Is The Internet Making Us All Crazy Or Just Me?

The other day an old friend popped up on me via instant messenger. We had lost touch in the way that you do, and hadn’t talked in years. We spent an hour or so chatting and catching up — She lives out west now! She has an adorable daughter! Work is good! Etc. — and then went back to doing whatever we were doing before, which in my case was searching for bear videos and wondering how long it was going to be before I could take a drink without feeling kind of shifty about it.

Anyway, here’s the thing: when I was remembering the conversation several hours later, something very strange happened. Well, not “strange,” exactly, because it’s something that has been occurring to me more frequently of late, and I’m not sure what it means. In my recollection of the chat, my friend and I were in a completely different physical space altogether. I mean, I was at my desk the entire time when we were “speaking,” but in my mind the whole thing took place somewhere else, somewhere amorphous and unconnected to any physical location.

I don’t know if I’m explaining this clearly enough, but I seem to be experiencing some sort of disassociation with the terrestrial when I think about these conversations. If I talk to someone on the phone, when I think back on it a few hours afterward I can see myself pacing around the room, head cocked against my shoulder. With an IM chat — depending on who I’m talking to or what the subject is — my sensory perceptions place me in a different, utterly ethereal zone. (The effect is even more pronounced if the conversation occurs with those to whom I speak less frequently or know to be “far away.”)

This is not obviously something completely exclusive to the Internet. We’ve all had the experience of stepping out of a car and suddenly realizing, “Wait, I just drove all the way home and have no memory of doing it.” But there’s a very different feeling to this one; it’s almost as if my brain is creating my own avatar and putting it in a space which lacks the constraints of time or much physical detail.
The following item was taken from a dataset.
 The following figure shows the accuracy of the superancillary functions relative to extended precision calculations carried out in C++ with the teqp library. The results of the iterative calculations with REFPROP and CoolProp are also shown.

I’m mentally talking to someone else in a vague and undefined area while I am physically “talking” to someone through a screen and keyboard.
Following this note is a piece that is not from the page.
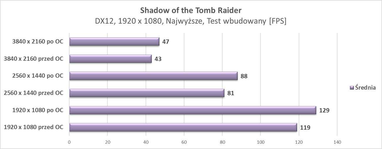 Dzięki półpasywnemu trybowi pracy na pewno karty nie usłyszycie w spoczynku. Pod obciążeniem jest już ona słyszalna, a także najgorętsza spośród testowanych modeli. Nie jest jednak tak źle i przy mocniejszym procesorze z AiO 240 raczej nie będzie Wam przeszkadzała. Warto też zwrócić uwagę na możliwości OC, które pozwalają na zyskanie sporej ilości fps w grach.

There are all sorts of discussions about whether or not the Internet is “rewiring” our brains. I’m pretty sure there’s at least something to the idea — God knows it’s a struggle for me to read printed text in a linear fashion anymore without jumping to the laptop to investigate related information — but this IM phenomenon is throwing me a bit. Is this happening to everyone, or is it just another sign of my impending mental disintegration? Because I could totally see a case for that argument too.